Most recently, this lack of gender acknowledgment played out in the development of the COVID-19 vaccine. While the vaccine is safe, women experienced significantly worse side effects than men who receive it. They were more likely to experience chills or fatigue for a brief period compared to men.

Meanwhile, out of 45 COVID-19 randomized controlled trials, only eight broke out the results of the study by sex or gender. Neither the Pfizer-BioNTech and Moderna vaccine trials published results that showed the differences in efficacy by gender.

Until medical professionals acknowledge that women have different bodily responses than men, their care will be worse than their male counterparts.

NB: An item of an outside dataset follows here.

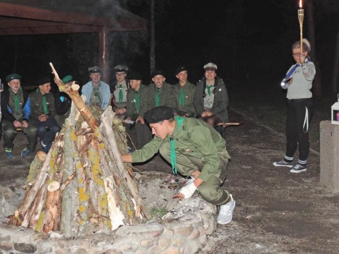 Następnie odbyło się ognisko obrzędowe ze złożeniem przyrzeczenia harcerskiego. Gośćmi harcerzy byli: wicestarosta Adam Panasiuk, wójt Urszulina Tomasz Antoniuk oraz Sylwester Adamski, dyrektor Zespołu Szkół w Urszulinie. Na koniec harcerze z 7 DH „Bagienne Żurawie” pod opieką dh Iwony Lewandowskiej, zuchowie z 5GZ „Poleskie Żółwiki” pod opieką pwd Barbary Martysiuk i ich rodzice złożyli uroczyste przyrzeczenie. (b)

Women with disabilities feel these effects even more

Women as a whole are not affected equally by healthcare discrimination. The effects that women of color, women with disabilities, LGBTQ+ women, impoverished women, and other minority populations face are much more severe than the discrimination experienced by those who are more privileged.

You can see this when we talk about race, where even Beyonce and Serena Willians couldn’t get doctors to acknowledge their pain during childbirth. You can see this in the LGBTQ+ community, where women with disabilities are afraid to get care. You can see this in organ transplant discrimination, where people with disabilities can be denied in 25 states because of their conditions.

The issues that women in healthcare face won’t be reversed just by removing hysteria from the DSM-V. They are deeply rooted in societal conditioning and beliefs about women in our culture.